Deliverables and Milestones
Desired deliverables would contain extensive documentation on the installation and use of the program in order for the mass user to employ. This documentation will include readme markdown files expressing in detail how to deploy a reliable Kubernetes self-restoring program. Kubernetes can serve as an application for the secure processing of confidential information related to the operation of applications – passwords, OAuth tokens, SSH keys. Moreover, depending on the application, the data and settings can be updated without re-creating the container. Using special metrics and tests, a self-restoring system can quickly identify damaged or unresponsive containers, which are created anew and restarted on the same pod. Additionally, it will include a well-commented code as an instruction for the open-source community intending to clone the system and contribute to the repository. A possible milestone of the project is an open-source code that could be continually improved by the open-source community. The benefits of the open-source code is that it is considered more cost-effective, quicker to develop, well-secured, and more extensible in the future by anyone.

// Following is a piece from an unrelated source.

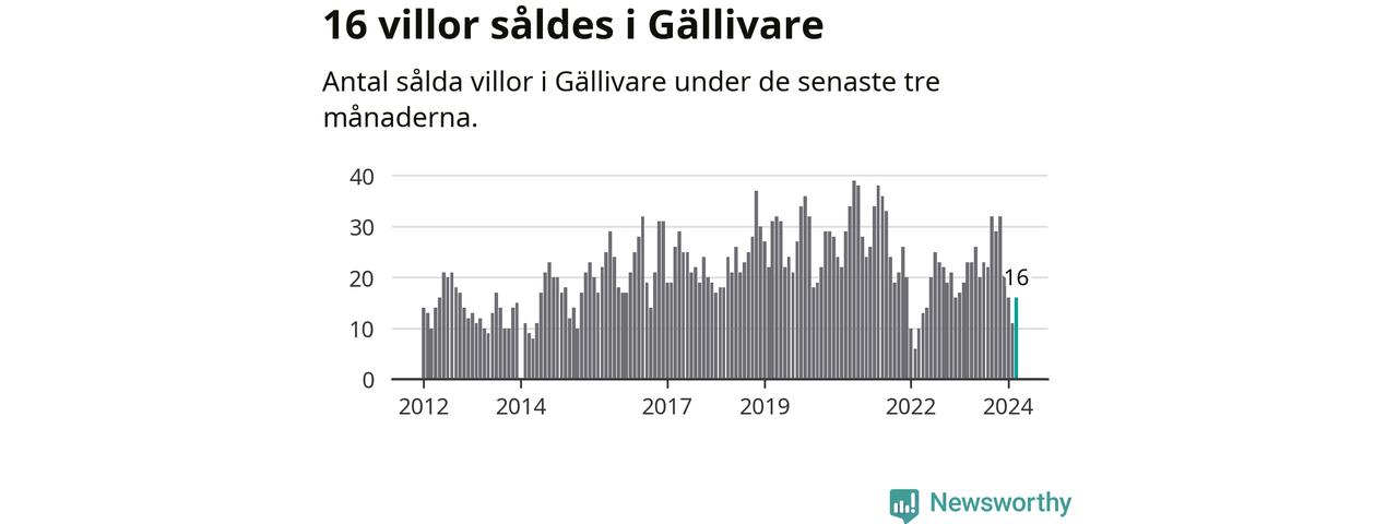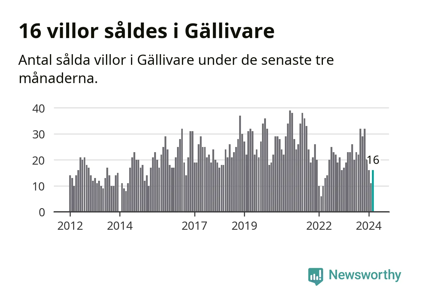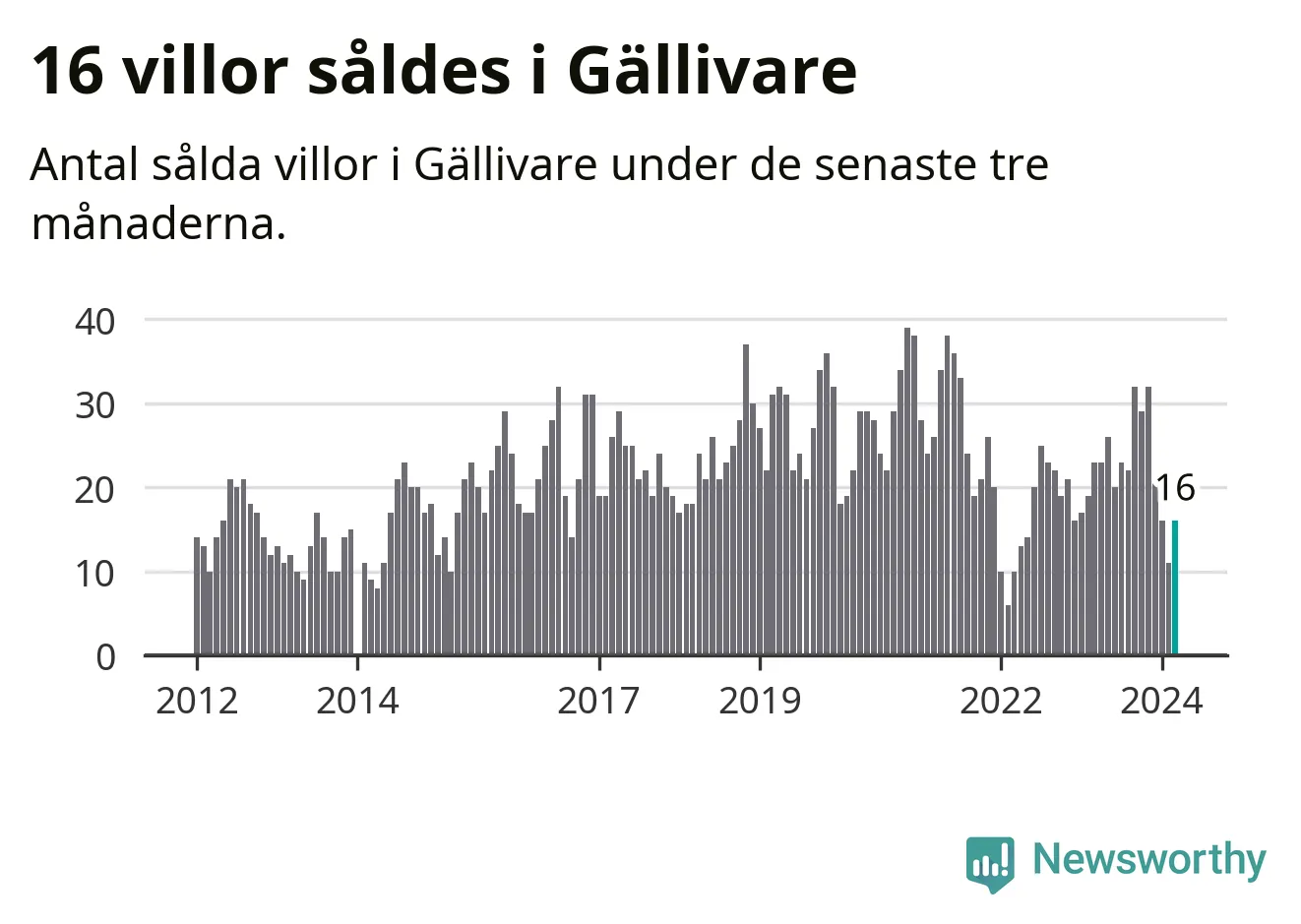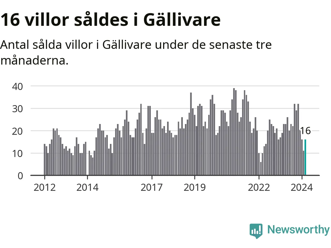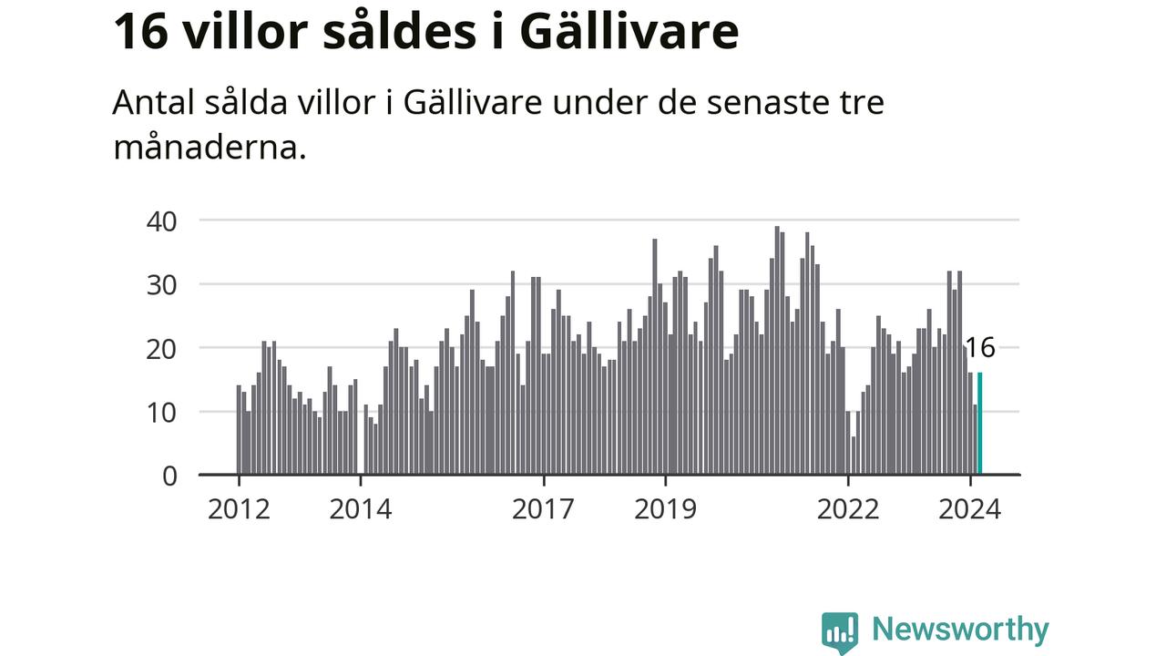 Mellan januari och mars gjordes sammanlagt 16 affärer med villor i Gällivare kommun. Det kan jämföras med 23 vid motsvarande tid i fjol.

Kubernetes is the most advanced container orchestration tool available today. It allows not only to automate the deployment process, but it also maximally simplifies the further process of working with arrays of containers. Boundary calculations are of enormous importance for mass headquarters deployment of the global Internet of things. It is precisely the development and optimization of the edge cloud framework that will allow users to achieve the maximum efficient computing system capable of adapting depending on different factors. The approach of unifying a distributed application into a single computing cluster, creating a reliable data link brings the concept of a comprehensive, seamless data center. This center will link edge servers together, as well as the edge cloud and, through a gateway, public network services. However, there are several security challenges regarding Kubernetes’ networking policies, implementation of bare-metal hypervisors and improvement of systems’ fault tolerance. These issues can be resolved by a more apprehensive approach to the Kubernetes’ inner management, as well as by developing test systems to assess the security risks and continuously gather data for resolving them.